I understand that helm will try to create the service-account and the secret to installing/upgrading the chart for all times that this action is trigged. So, my first thought is that it would be expected. @joelanford could you give a hand and please let me know if I misunderstood something here?
However, see that the version v0.17.2 uses helm.sh/helm/v3 v3.1.2 and the version 0.19.4 and 1.0.1 uses helm.sh/helm/v3 v3.2.4. Could you also please upgrade your project to use the latest ones and let us know if you see any change in its behaviour (I do not think that it would change, however, would be very helpful ensure it and work with the latest ones instead of the previous versions )?
@grantliu3 I agree with @camilamacedo86 that this sounds like expected behavior. The helm-operator is constantly trying to reconcile your CR, so during every reconciliation it compares the currently deployed release manifest with a candidate release manifest (using a dry-run upgrade).

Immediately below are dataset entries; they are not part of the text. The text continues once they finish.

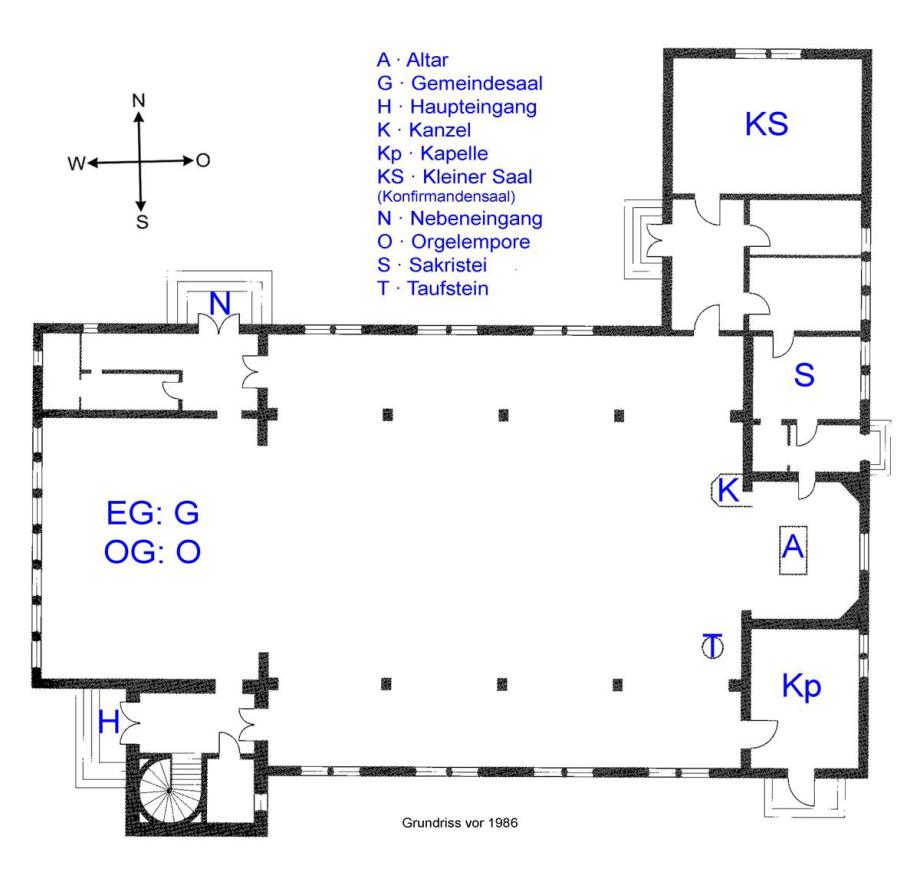 Neu: Küche nördl. des Gemeindesaals; WCs östl. des Wendelsteins |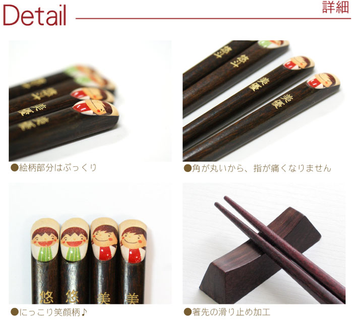 商品情報 【天然木 日本製 なかよし 家族箸 【子供用】 2膳 ペアセット 】 ニッコリ笑顔で食卓を明るく、滑り止め付きで使いやすい! 桐箱付きだから、 誕生日や入園、入学、進級、進学などの記念日ギフトとして◎ 若狭塗は小浜藩の御用塗師「松浦三十郎」が支那漆器の一種存星をヒントに、 海底の様子を意匠化して考え出したのがはじまり。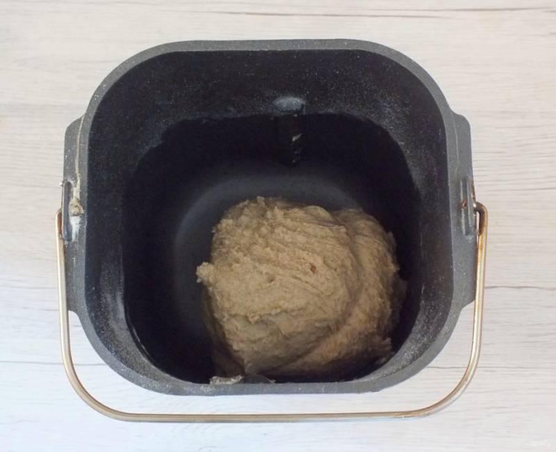 Не закрывая крышку хлебопечки, наблюдайте за замесом. Тесто должно получится липким, но не мажущим. Как только оно собралось в комок, закройте крышку хлебопечки и дождитесь окончания процесса.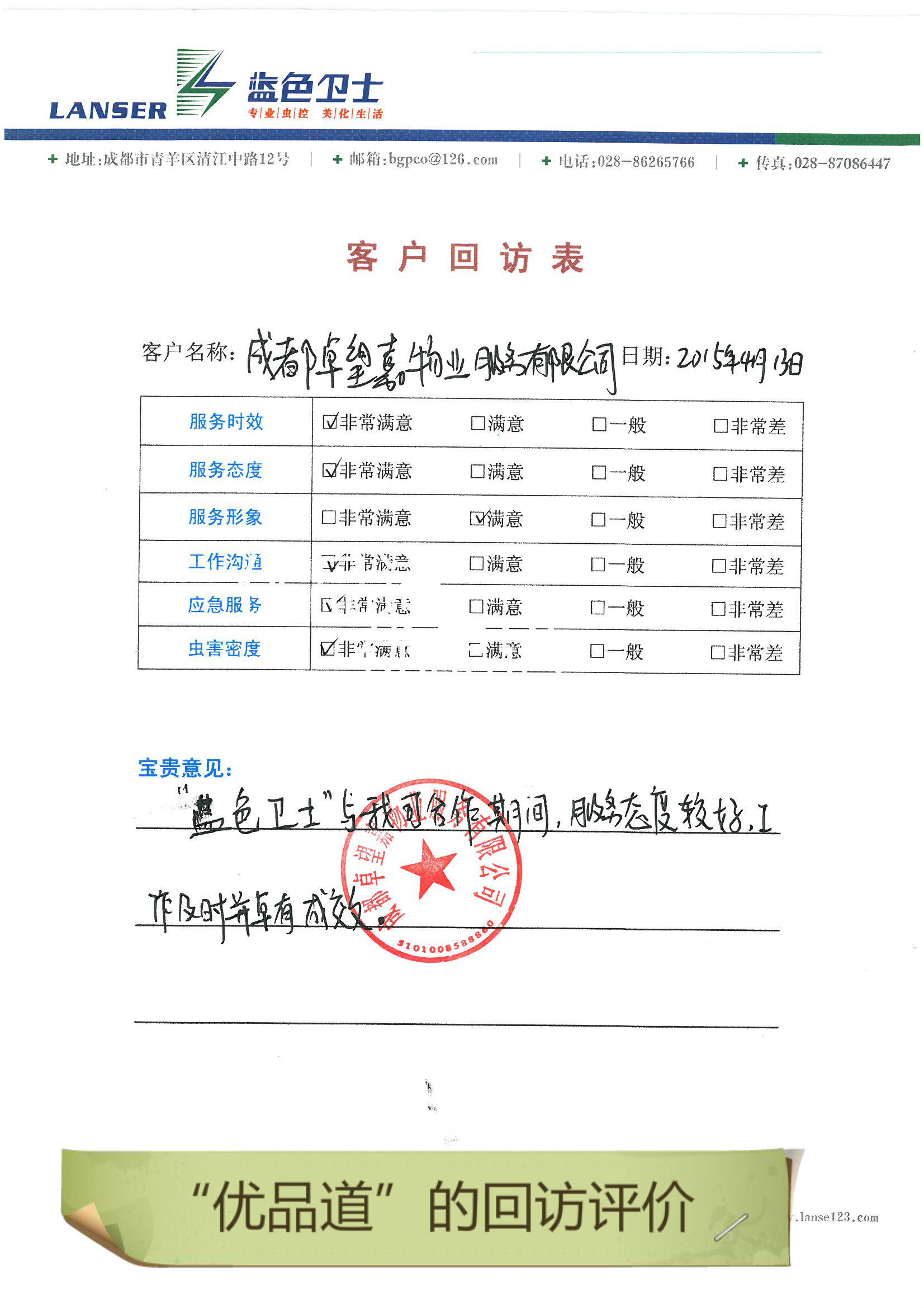 • 優(yōu)品道的回訪評(píng)價(jià)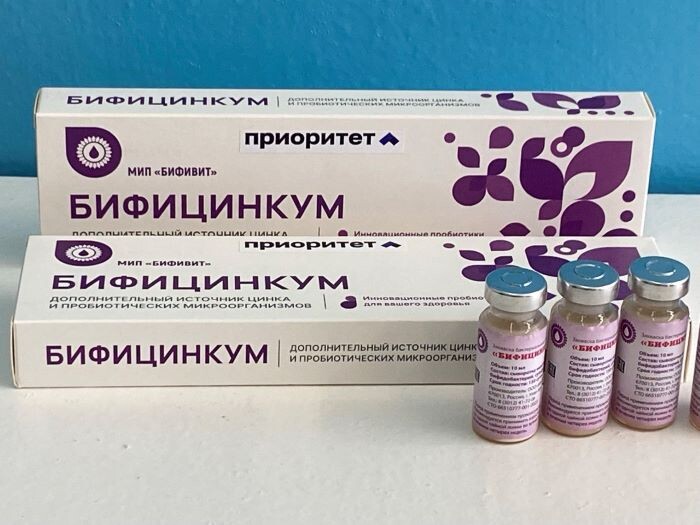 Результаты научных исследований под руководством доктора технических наук, профессора Ирины Хамагаевой в рамках реализации программы Приоритет-2030 стратегического технологического проекта «Бурятия – территория здорового питания» нашли практическую реализацию в разработке биопрепарата Бифицинкум. Новизна предлагаемого технического решения заключается в принципиально новом подходе к получению БАД путем культивирования бифидобактерий в питательной среде, содержащей цинк. Бифицинкум – это источник цинка и бифидобактерий, является мощным иммуномодулирующим, антиоксидантным и противовирусным средством. Бифидобактерии повышают биодоступность цинка, а цинк стимулирует их рост и оказывает положительное влияние на пробиотическую микрофлору кишечника. Бифицинкум содержит высокое количество жизнеспособных клеток бифидобактерий и цинк в биодоступной форме, их сочетание оказывает высокий позитивный эффект на организм человека: - активизирует иммунные реакции, направленные против патогенных бактерий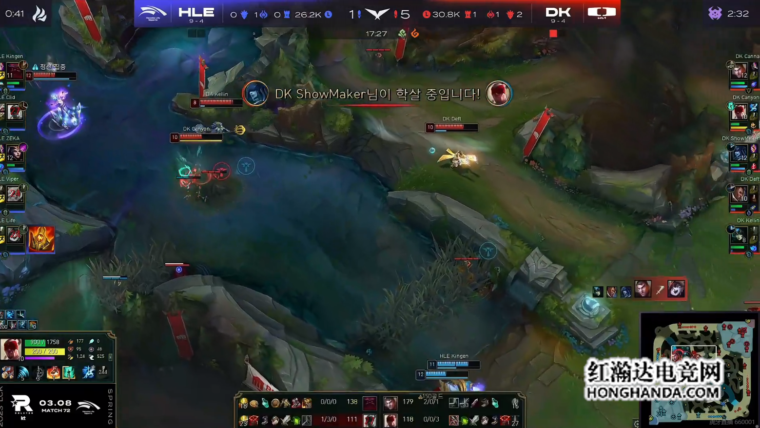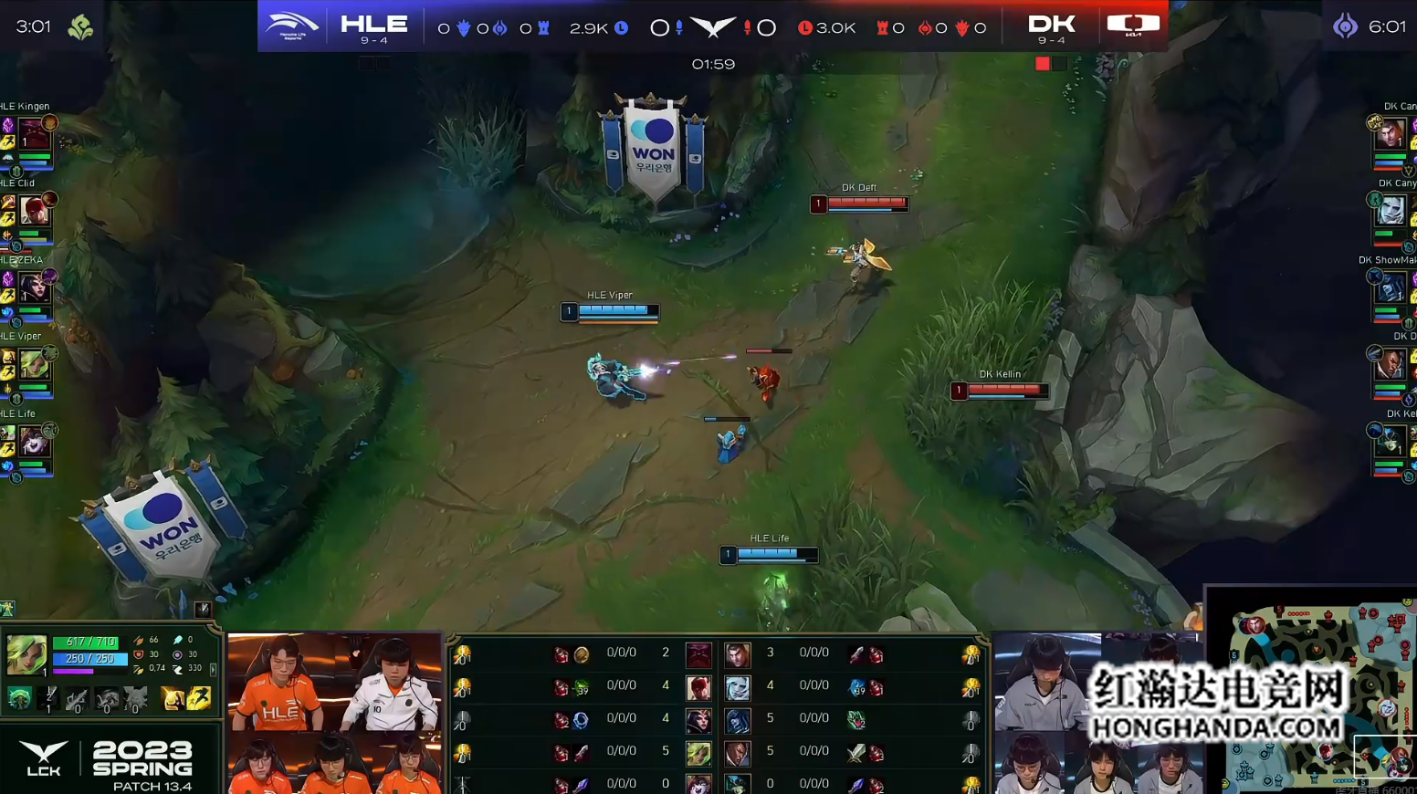 比赛中期DK控下了三条小龙,并且在第二条峡谷先锋的时候,DK抓住HLE的失误,击杀HLE三人并拿下峡谷先锋,DK手握优势胜算非常的大。HLE这边只能拖双C的发育,以及上路奥恩坦起来。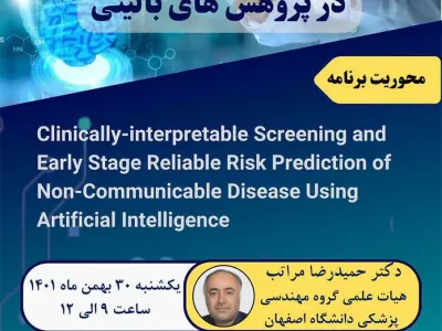 کارگاه حضوری و وبینار کشوری"کاربرد هوش مصنوعی در پژوهش های بالینی" با همکاری پژوهشکده پیشگیری اولیه از بیماری های غیر واگیر و با محوریت: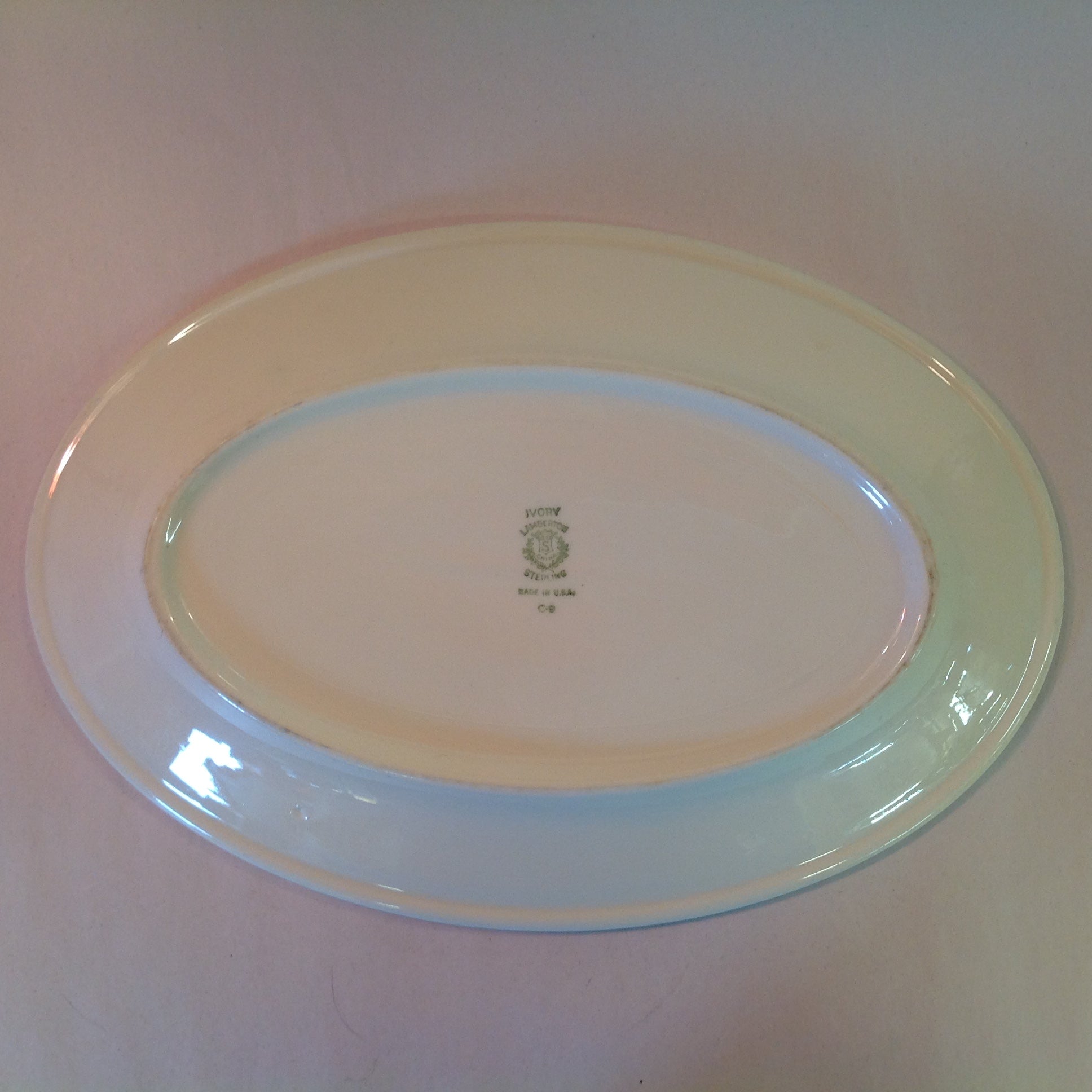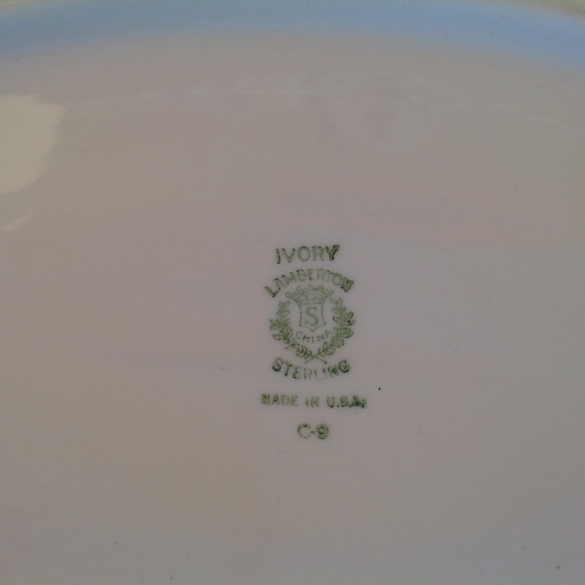 This is a vintage used item, in good used condition, with light signs of age/wear; there is mild rubbing to surface of porcelain, light wear along/about base and rim. Overall quality is good; smooth/glossy, with excellent preservation of color/sheen and graphics still sharp/bright. There are no excessive nicks, chips, dents, divots, scrapes, scratches, scuffs, cracks, breaks, stains, residue or repairs. The dinner plate is stamped "Ivory Lamberton China Sterling" and measures approx 12.756" x 8.75" with a 1.5" lift and was part of the restaurant dishware at the historic Detroit Yacht Club.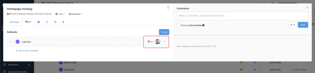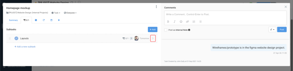 - Keep conversations focused. Use subtask comments for subtask-specific discussions. Each subtask has its own comment thread so conversations stay attached to the exact piece of work they relate to.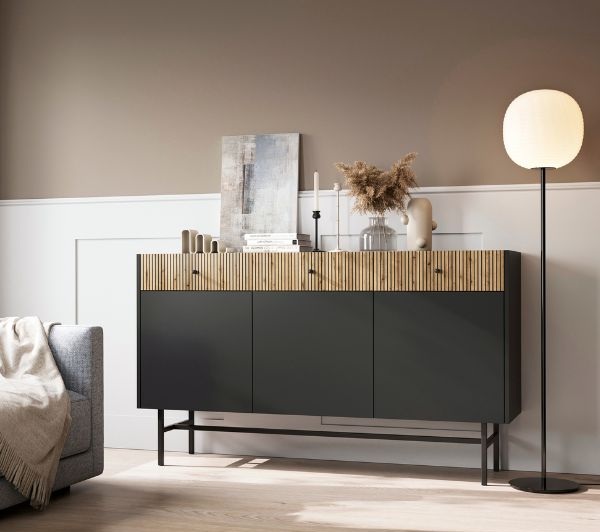 Culori – negru combinat cu stejar, un contrast unic, potrivit pentru orice tip de amenajare.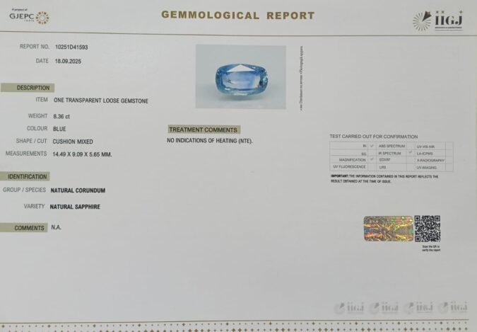 Beautiful 8.36 Cts Natural Blue Sapphire (Top++-Mines) sva 9+ Ratti BLUE SAPPHIRE. Free Horoscope & Free Pundit Ji Astrological Advise / Consultation. Original Natural Lab certified gems by IGI GTL / Birth stones / Large Gem Selection of shree shubh Rashi Ratan Vedic dhan at Gem Mines. May Bhagwan Brahma, Vishnu, Shiv & Universe bless you.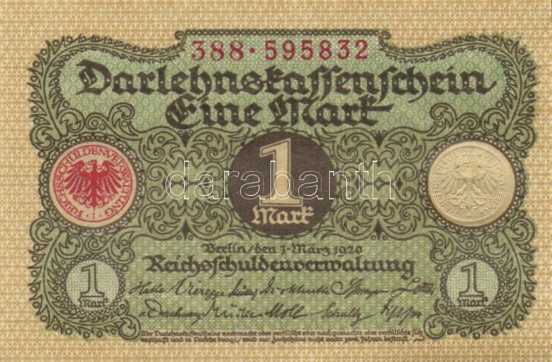 Leírás: Német Birodalom / Weimari Köztársaság 1920. 1M (4x) egymás utáni sorszámokkal T:I,I-
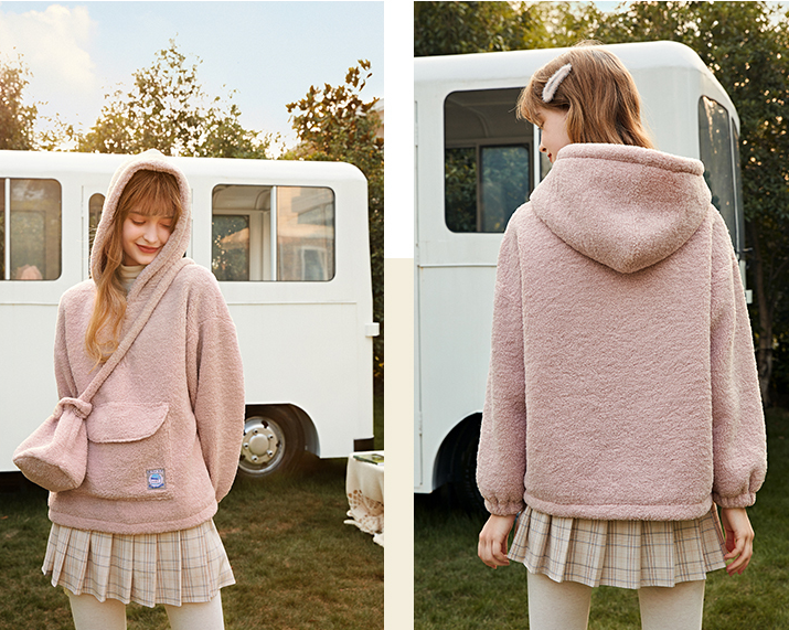 LEDDIN DESIGN OVERHEAD POLAR HOODIE IN PINK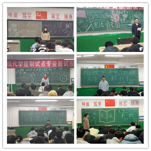 各班同学精心布置板报,提前筹备宪法知识内容,采取宣讲、案例分析、讨论等方式学宪法和讲宪法。班会上,各班班长向班级同学解读了宪法的重要内容和精神实质,明确了宪法学习的重要性。同时在班级群分享了相关学习文件,普及了宪法知识,引导同学们阅读、学习宪法和深入了解我国的根本制度。通过实际案例让同学们进一步了解法律知识,并进行深入讨论让同学们厚植法律意识。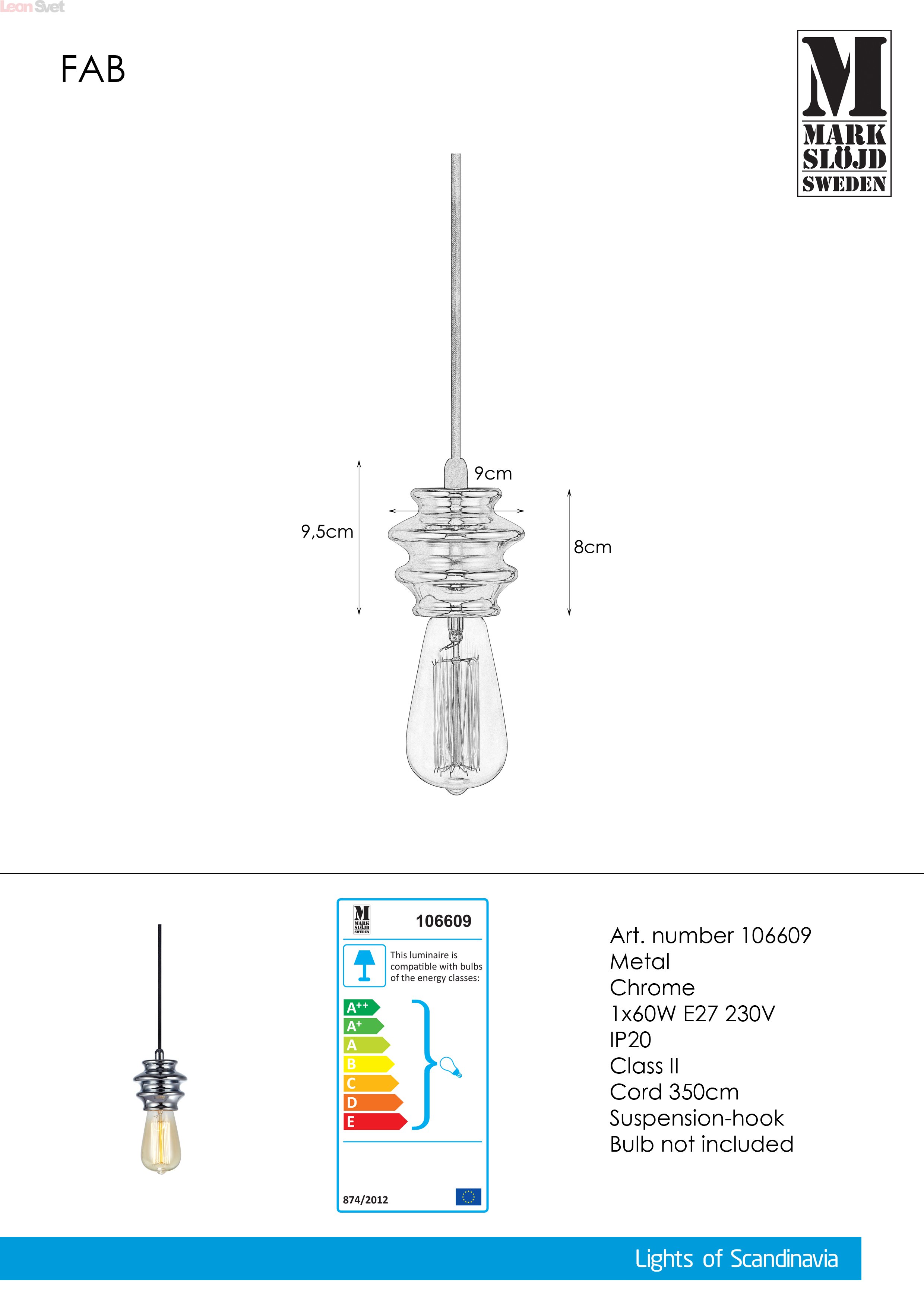 Подвесной светильник 106609 Fab от Markslojd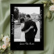 Annoncez votre journée spéciale avec une élégance audacieuse en utilisant ce mariage noir moderne enregistrer la carte de date. L'avant présente une photo personnalisable, magnifiquement contrastée par du texte en papier argenté dans un style manuscrit qui ressemble à des annotations artistiques ; parfait pour ajouter vos noms et date mariage avec une touche de sophistication et de personnalité. L'arrière - plan noir riche ajoute une sensation dramatique et moderne, tandis que le dos offre un texte entièrement personnalisable pour partager des détails mariages supplémentaires. Idéal pour les couples qui aiment le design élégant et élégant avec une touche créative et personnelle.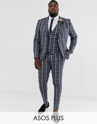 ASOS DESIGN Plus - Mariage - Costume slim à carreaux écossais - Bleu marine

If there is a difference it runs the upgrade. If the upgrade fails, it performs a rollback (which is effectively another upgrade) and attempts reconciliation again after some backoff period, starting the loop over.
The helm operator keeps creating secrets of type 'kubernetes.io/dockercfg' and 'kubernetes.io/service-account-token' for the service accounts that helm chart created.
Are these secrets part of your chart? If not, the helm-operator wouldn't be creating them. It could be that the helm-operator creates the service accounts and then something else (probably the main kube-controller-manager) is creating the secrets based on the existence of the service accounts.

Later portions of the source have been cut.